An example of the laminated body of this invention is shown to FIG. 1, FIG. 2, FIG.

In the laminate of FIG. 1, a hard coat layer 4 and an antireflection layer 5 are provided on one surface of the support 1 for transfer, and a near infrared absorbing layer 6 is provided on the other surface. The electromagnetic wave shielding layer is formed in the state in which the electromagnetic wave shielding material 2 was partially implanted in the 2nd adhesive or adhesive layer 3 on (6).

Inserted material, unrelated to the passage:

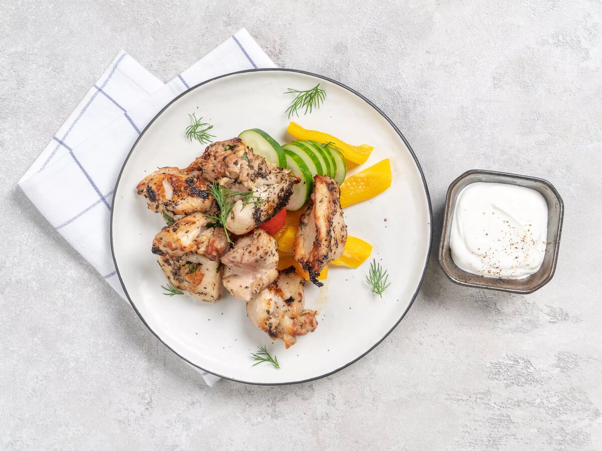 Шашлык из куриных окорочков — это сочетание нежных кусочков мяса и ароматных специй, которые придают блюду неповторимый вкус. Замаринованные куриные окорочка, нарезанные на кусочки и нанизанные на шампуры, обжариваются на открытом огне до золотистой корочки, сохраняя свою сочность и мягкость. Ингредиенты: Приготовление: Подавая шашлык на стол, можно украсить его свежими овощами, зеленью и соусом на основе йогурта. Это добавит ярких красок и насыщенности вкусу. Приятного аппетита!
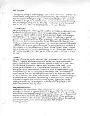 Collection name | Message from the Director (Troilus and Cressida, Bard on the Beach, 2006) |

On the other hand, in the laminated body of FIG. 2, as shown in FIG. 1, the hard coat layer 4 and the antireflection layer 5 are provided in one surface of the support body 1 for transfer, and the electromagnetic wave shielding material 2 is provided in the other surface. Partly planted in the second adhesive or pressure-sensitive adhesive layer 3, an electromagnetic wave shielding layer is formed.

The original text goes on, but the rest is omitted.